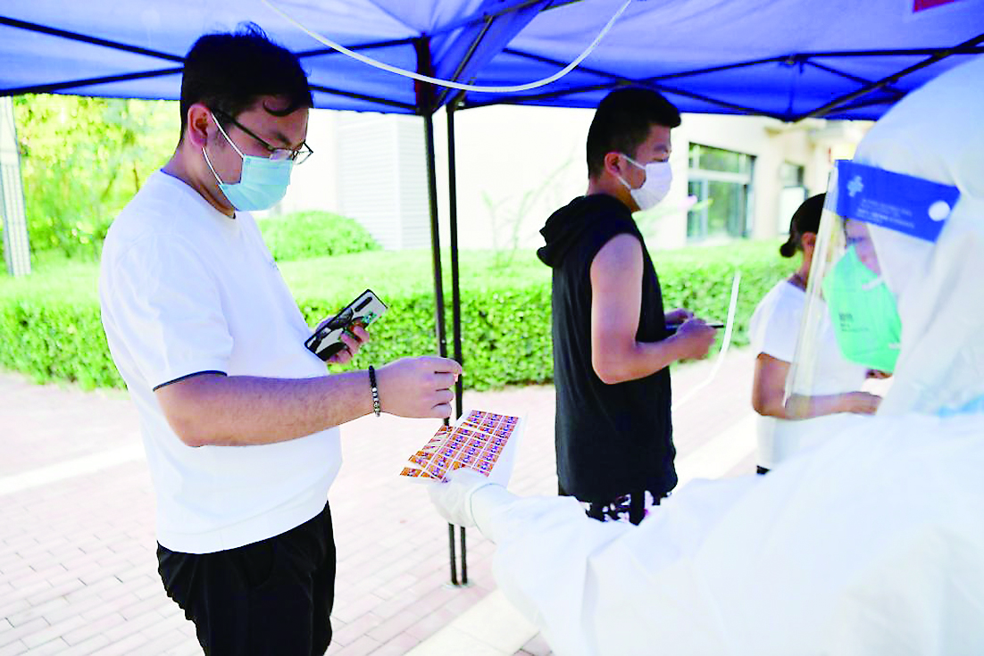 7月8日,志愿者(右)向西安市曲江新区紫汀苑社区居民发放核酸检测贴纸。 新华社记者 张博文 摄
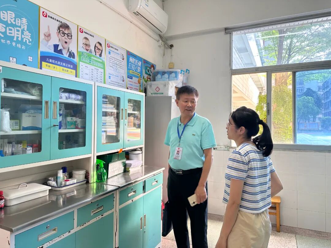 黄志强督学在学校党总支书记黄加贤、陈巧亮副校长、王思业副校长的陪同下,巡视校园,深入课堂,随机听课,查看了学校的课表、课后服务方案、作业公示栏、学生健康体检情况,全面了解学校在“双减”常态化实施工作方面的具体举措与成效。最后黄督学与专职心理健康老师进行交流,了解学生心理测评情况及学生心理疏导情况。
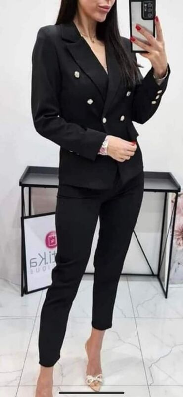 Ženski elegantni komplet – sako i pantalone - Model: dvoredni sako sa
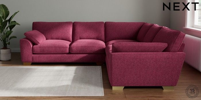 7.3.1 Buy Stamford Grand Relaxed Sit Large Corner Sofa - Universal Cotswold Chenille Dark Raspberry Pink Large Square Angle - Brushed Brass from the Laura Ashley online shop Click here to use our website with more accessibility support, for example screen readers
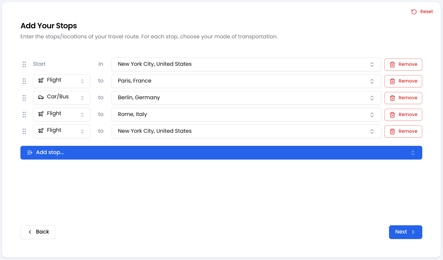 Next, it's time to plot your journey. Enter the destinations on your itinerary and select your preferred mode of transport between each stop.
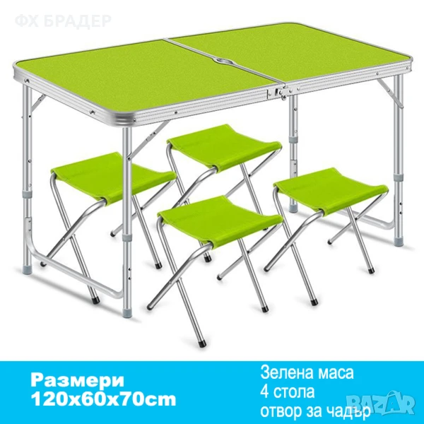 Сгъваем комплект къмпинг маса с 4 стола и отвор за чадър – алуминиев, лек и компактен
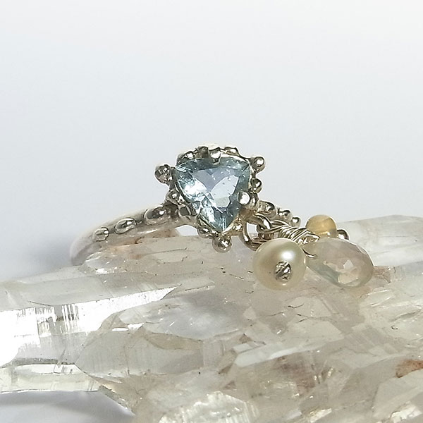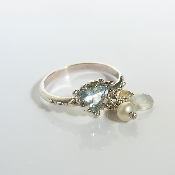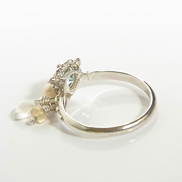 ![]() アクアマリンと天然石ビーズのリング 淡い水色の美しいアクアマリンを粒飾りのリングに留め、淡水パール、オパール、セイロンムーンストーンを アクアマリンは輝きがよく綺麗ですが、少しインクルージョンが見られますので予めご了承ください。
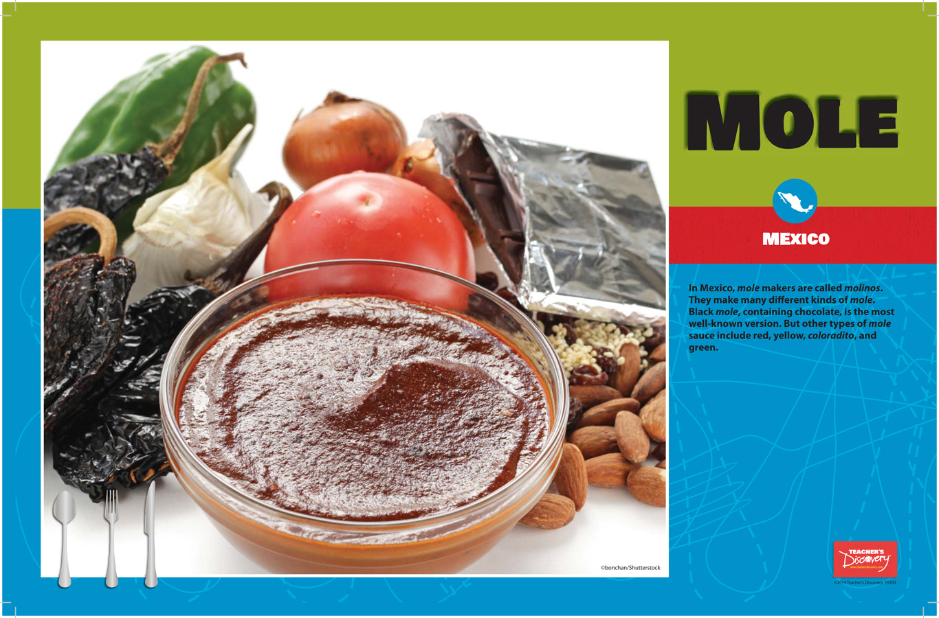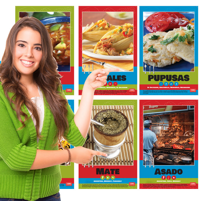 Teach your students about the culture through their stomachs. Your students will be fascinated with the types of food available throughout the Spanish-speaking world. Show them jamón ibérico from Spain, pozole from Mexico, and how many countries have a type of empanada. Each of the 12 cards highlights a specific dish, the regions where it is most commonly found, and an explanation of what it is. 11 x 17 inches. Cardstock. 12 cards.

:::

### What to do
Please set down, word for word, the lines starting at the line that holds "黄志强督学在学校党总支书记黄" and running to the end of the listing, with no pictures.

### Response area
 黄志强督学在学校党总支书记黄加贤、陈巧亮副校长、王思业副校长的陪同下,巡视校园,深入课堂,随机听课,查看了学校的课表、课后服务方案、作业公示栏、学生健康体检情况,全面了解学校在“双减”常态化实施工作方面的具体举措与成效。最后黄督学与专职心理健康老师进行交流,了解学生心理测评情况及学生心理疏导情况。
 Ženski elegantni komplet – sako i pantalone - Model: dvoredni sako sa
 7.3.1 Buy Stamford Grand Relaxed Sit Large Corner Sofa - Universal Cotswold Chenille Dark Raspberry Pink Large Square Angle - Brushed Brass from the Laura Ashley online shop Click here to use our website with more accessibility support, for example screen readers
 Next, it's time to plot your journey. Enter the destinations on your itinerary and select your preferred mode of transport between each stop.
 Сгъваем комплект къмпинг маса с 4 стола и отвор за чадър – алуминиев, лек и компактен
 ![]() アクアマリンと天然石ビーズのリング 淡い水色の美しいアクアマリンを粒飾りのリングに留め、淡水パール、オパール、セイロンムーンストーンを アクアマリンは輝きがよく綺麗ですが、少しインクルージョンが見られますので予めご了承ください。
 Teach your students about the culture through their stomachs. Your students will be fascinated with the types of food available throughout the Spanish-speaking world. Show them jamón ibérico from Spain, pozole from Mexico, and how many countries have a type of empanada. Each of the 12 cards highlights a specific dish, the regions where it is most commonly found, and an explanation of what it is. 11 x 17 inches. Cardstock. 12 cards.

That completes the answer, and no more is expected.